You realize that much of who you are and the way you navigate through life is, in great part, a result of all the social conditioning you've received over the course of a lifetime. And you begin to sift through all the nonsense you were taught about :

- how you should look and how much you should weigh
- what you should wear and where you should shop
- where you should live or what type of car you should drive
- who you should sleep with and how you should behave
- who you should marry and why you should stay
- the importance of bearing children or what you owe your family

Slowly you begin to open up to new worlds and different points of view. And you begin re-assessing and re-defining who you are and what you really believe in. And you begin to discard the doctrines you have outgrown, or should never have practiced to begin with.

You accept the fact that you are not perfect ,and that not everyone will love appreciate or approve of who or what you are... and that's OK... they are entitled to their own views and opinions.

You stop trying to compete with the image inside your head or agonizing over how you compare. And, you take a long look at yourself in the mirror and you make a promise to give yourself the same unconditional love and support you give so freely to others. Then a sense of confidence is born of self-approval.

And, you stop maneuvering through life merely as a consumer, hungry for your next fix, a new dress, another pair of shoes or looks of approval and admiration from family, friends or even strangers who pass by. And you recognize the importance of creating and contributing rather than obtaining and accumulating.

Then you discover that it is truly in giving that we receive, and that the joy and abundance you seek grows out of the giving.

And you give thanks for the simple things you've been blessed with, things that millions of people upon the earth can only dream about - a full refrigerator, clean running water, a soft warm bed, the freedom of choice and the opportunity to pursue your own dreams.

And you begin to love and to care for yourself. You stop engaging in self-destructive behaviors, including participating in dysfunctional relationships.

And because you've learned that fatigue drains the spirit and creates doubt and fear, you give yourself permission to rest. And just as food is fuel for the body, laughter is fuel for the spirit and so you make it a point to create time for play.

Then you learn about love and relationships - how to love, how much to give in love, when to stop giving, and when to walk away. And you allow only the hands of a lover who truly loves and respects you to glorify you with his touch.

You learn that people don't always say what they mean or mean what they say, intentionally or unintentionally, and that not everyone will always come through... and interestingly enough, it's not always about you. So, you stop lashing out and pointing fingers or looking to place blame for the things that were done to you or weren't done for you. And you learn to keep your Ego in check and to acknowledge and redirect the destructive emotions it spawns - anger, jealousy and resentment.

You learn how to say "I was wrong" and to forgive people for their own human frailties. You learn to build bridges instead of walls and about the healing power of love as it is expressed through a kind word, a warm smile or a friendly gesture.

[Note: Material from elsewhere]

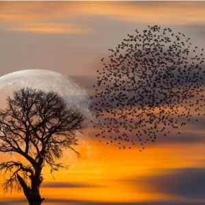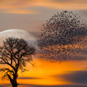 Silhouette of birds with lone tree in the background big full moon at amazing sunset

And, at the same time, you eliminate any relationships that are hurtful or fail to uplift and edify you. You stop working so hard at smoothing things over and setting your needs aside. You learn that feelings of entitlement are perfectly OK and that it is your right to want or expect certain things. And you learn the importance of communicating your needs with confidence and grace.

Then you learn to distinguish between guilt, and responsibility and the importance of setting boundaries and learning to Say no. You learn that you don't know all the answers, it's not your job to save the world and that sometimes you just need to Let Go.

Moreover, you learn to look at people as they really are and not as you would want them to be, and you are careful not to project your neediness or insecurities onto a relationship. You learn that you will not be more beautiful, more intelligent, more lovable or important because of the man on your arm or the child that bears your name. You learn that just as people grow and change, so it is with love and relationships, and that that not everyone can always love you the way you would want them to. So you stop appraising your worth by the measure of love you are given.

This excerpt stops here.